Actively engaged in bridging the gap between academia and industry, Dr. Jin has contributed over 20 articles to professional publications and outlets with a global outreach, such as PR News, Communication Director, PR Tactics, and Institute for Public Relations’ Social Science for Social Media Research Center. She has given a seminar talk at the National Conference of State Legislatures, conducted professional workshops at the Public Relations Society of America’s international conferences, and presented at the Public Relations Leadership Summit sponsored by The Plank Center for Leadership in Public Relations. She was a keynote speaker at the 2019 International Crisis and Risk Communication Conference. Dr. Jin serves on the publications board and research committee of the Association for Business Communication.
Dr. Jin is the director and co-founder of Crisis Communication Think Tank (CCTT) at UGA, which aims to advance crisis communication effectiveness through dialogue and collaboration among leading public relations scholars and practitioners on emerging and complex crisis issues.
Awards and Honors
Dr. Jin received the 2014 Krieghbaum Under-40 Award from the Association for Education in Journalism and Mass Communication (AEJMC). This prestigious national award is given annually by AEJMC to recognize the recipient’s outstanding achievement in research, teaching, and public service. In 2016, Dr. Jin was elected to the Arthur W. Page Society based on her teaching and research distinction in corporate communications. In 2017, Dr. Jin was accepted for placement on the Fulbright Specialist Roster (2017-2020) by the U.S. Department of State, Bureau of Educational and Cultural Affairs, becoming eligible to be matched with projects designed by international host institutions. In 2019, Dr. Jin received the Kitty O. Locker Outstanding Researcher Award from the Association for Business Communication (ABC), an international award that recognizes excellence in business communication research and outstanding contribution to the business communication discipline.
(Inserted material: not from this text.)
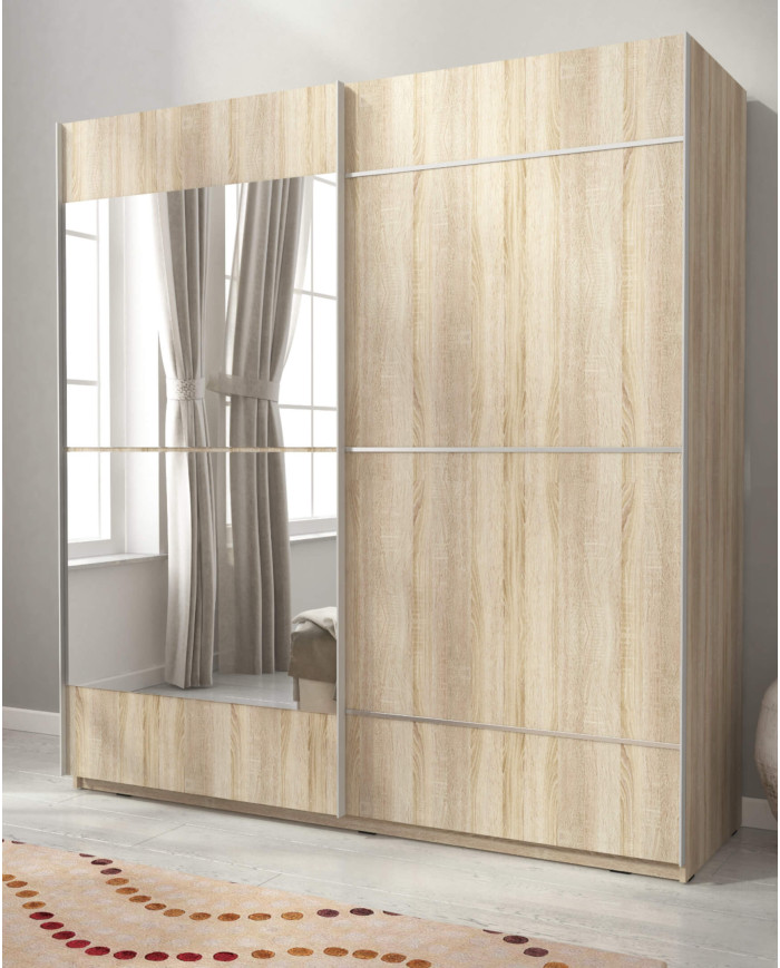 Mika 4 spinta, dviejų durų, 200 cm, stumdomos, lentynos, pakaba, veidrodis, Sonoma ąžuolas

Dr. Jin has earned numerous top paper awards at leading conferences, including the International Public Relations Research Conference, the International Communication Association, the Association for Education in Journalism and Mass Communication, and the National Communication Association conferences, as well as the European Public Relations Education and Research Association (EUPRERA) Congress. She was named a Page Legacy Scholar in 2013, 2016, 2017, 2019, 2020, 2022 by the Arthur W. Page Center for Integrity in Public Communication.
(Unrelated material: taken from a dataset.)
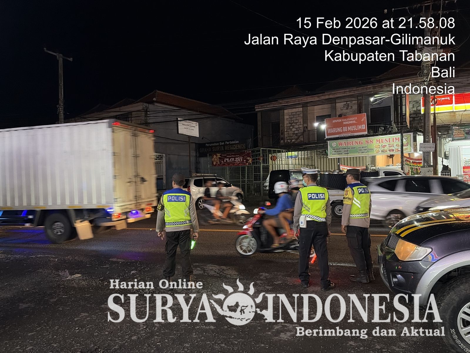 Tabanan, Surya Indonesia.net – Polsek Selemadeg. Menjelang hari raya Nyepi Caka 1948 dan Idulfitri 1447 H, Polsek Selemadeg menggelar Blue Light Patrol pada Minggu (15/2/2026), Pkl. 21:05 Wita, untuk memastikan stabilitas Kamtibmas. Dipimpin Pawas Aiptu Agus Purwanto, S.H., personel menyisir titik-titik vital mulai dari Perbankan, Pasar Senggol, Pertokoan, SPBU, Tempat Ibadah, hingga jalur Nasional guna mengantisipasi potensi tindak kriminalitas dan gangguan keamanan di wilayah hukum Selemadeg.

Serving as principle investigator (PI), Co-PI, co-investigator (CI), or lead researcher, Dr. Jin has contributed to public relations, crisis communication, strategic conflict management, health and risk communication projects funded by the United States Food and Drug Administration (FDA), the National Institutes of Health (NIH), Arthur W. Page Center for Integrity in Public Communication, The Plank Center for Leadership in Public Relations, C. R. Anderson Research Fund of the Association for Business Communication, and WhatsApp Research Awards for Social Science and Misinformation.
Dr. Jin was named the Georgia Athletic Association Professor in Grady College in November 2018. She was named the C. Richard Yarbrough Professor in Crisis Communications Leadership in August 2022.